Dad's world: Passing with flying colours

MY CHILDREN’S school exam results finally arrived this week. I was warned not to open them under penalty of death, so when the first of them finally arrived, I instinctively stepped back.

My middle daughter ripped her envelope open.

“Well?” says I, full of trepidation. “How did you do?”

“I’m kind of disappointed,” she said. “I only got 85 out of 100.”

“What do you mean ‘disappointed’?” I said. “Sure, they are great results.”

“But my friend Darragh just texted to day he got 100,” she said.

“Never mind Darragh!” I said. “You did brilliantly.”

We celebrated that night with ice-cream, but all the while I was secretly thinking, how come my daughter wasn’t No. 1? Sometimes, looking into your children’s eyes is like looking into a mirror.

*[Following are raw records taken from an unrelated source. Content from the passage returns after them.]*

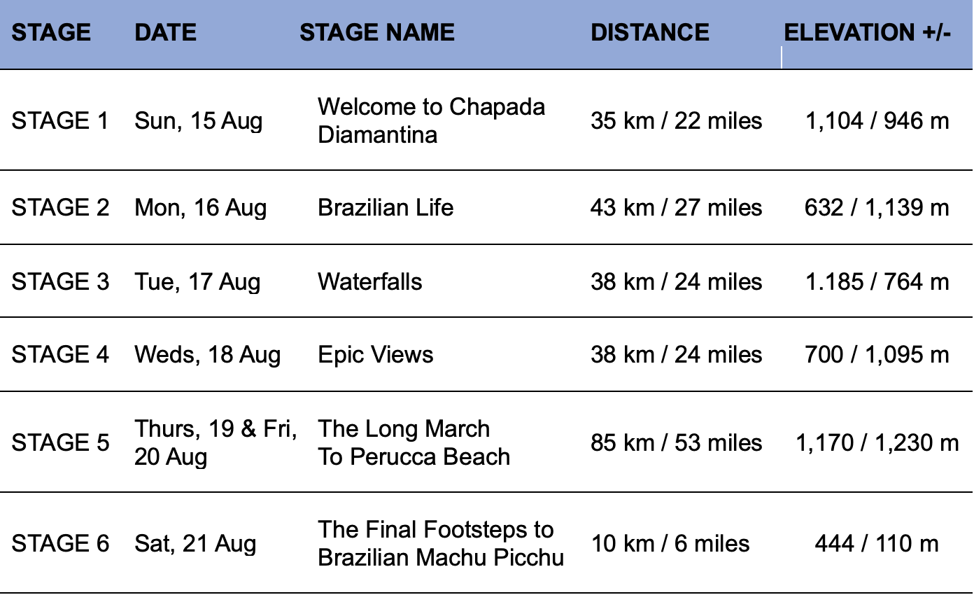 Get ready for an immersion into Brazil through landscapes, history, and rhythm in the natural paradise of Chapada Diamantina over the 250km, 6-Stage course. You can expect towering plateaus, hidden canyons, spectacular waterfalls, mineral-rich rivers, dirt roads through small villages, all connected by trails and dust roads. More detail on the course can be seen below including a map, Stage distances, the elevation profile, details about the terrain, checkpoints, cut-off times, and The Long March which is Stage 5. Final course notes will be given to each person in Brazil at the competitor check-in before the race.
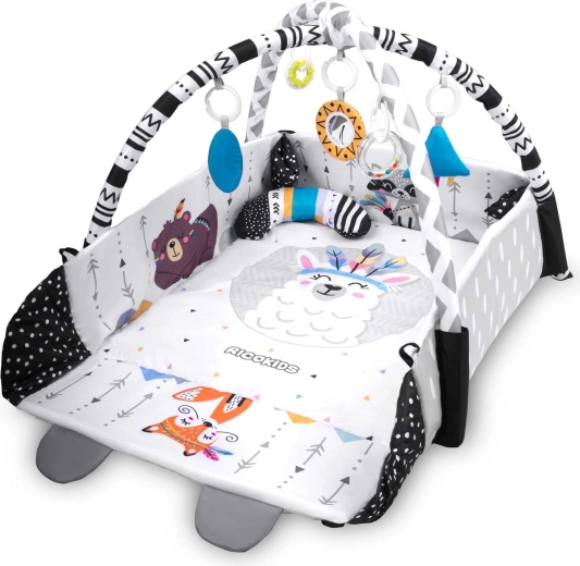 - Uso flexible 3 en 1: alfombra abierta, nido acogedor con laterales elevados o centro de juego con arcos.
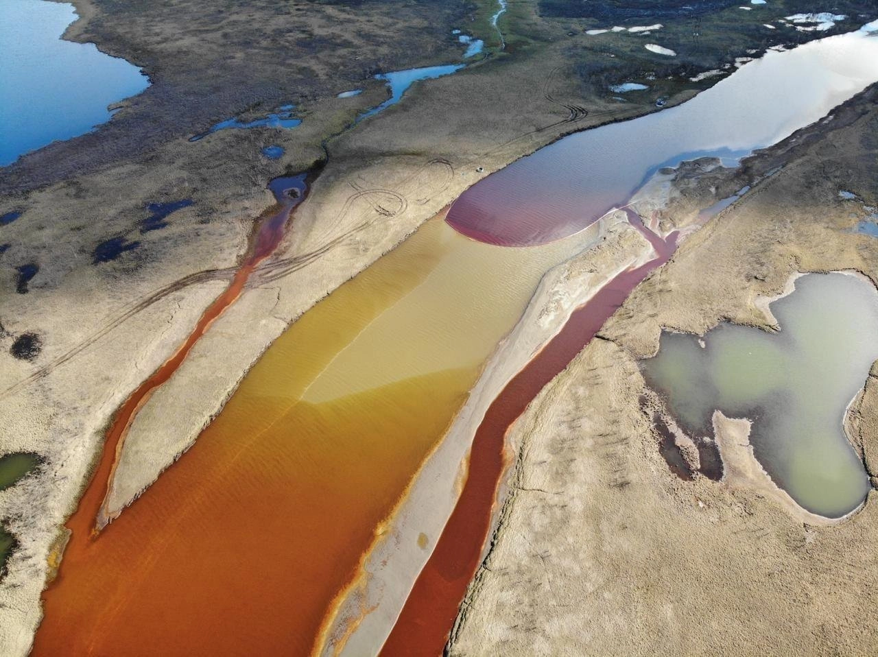 Местные власти вынуждены были ввести в окрестностях Норильска режим ЧС межмуниципального уровня из-за того, что воды двух местных рек окрасились в кроваво-красный цвет.

The next day, my eldest daughter ran upstairs, waving her school report. “My results are here,” she screamed as she shoved her report into my hands. She was almost dancing with excitement.

There were so many ‘As’ that I was dazzled, and one ‘B’.

“Amazing!” I said. “Brilliant! Well done! How did all your friends do?” I asked, eyeing her ‘B’ to see what her overall mark was — 85. Okay, I thought.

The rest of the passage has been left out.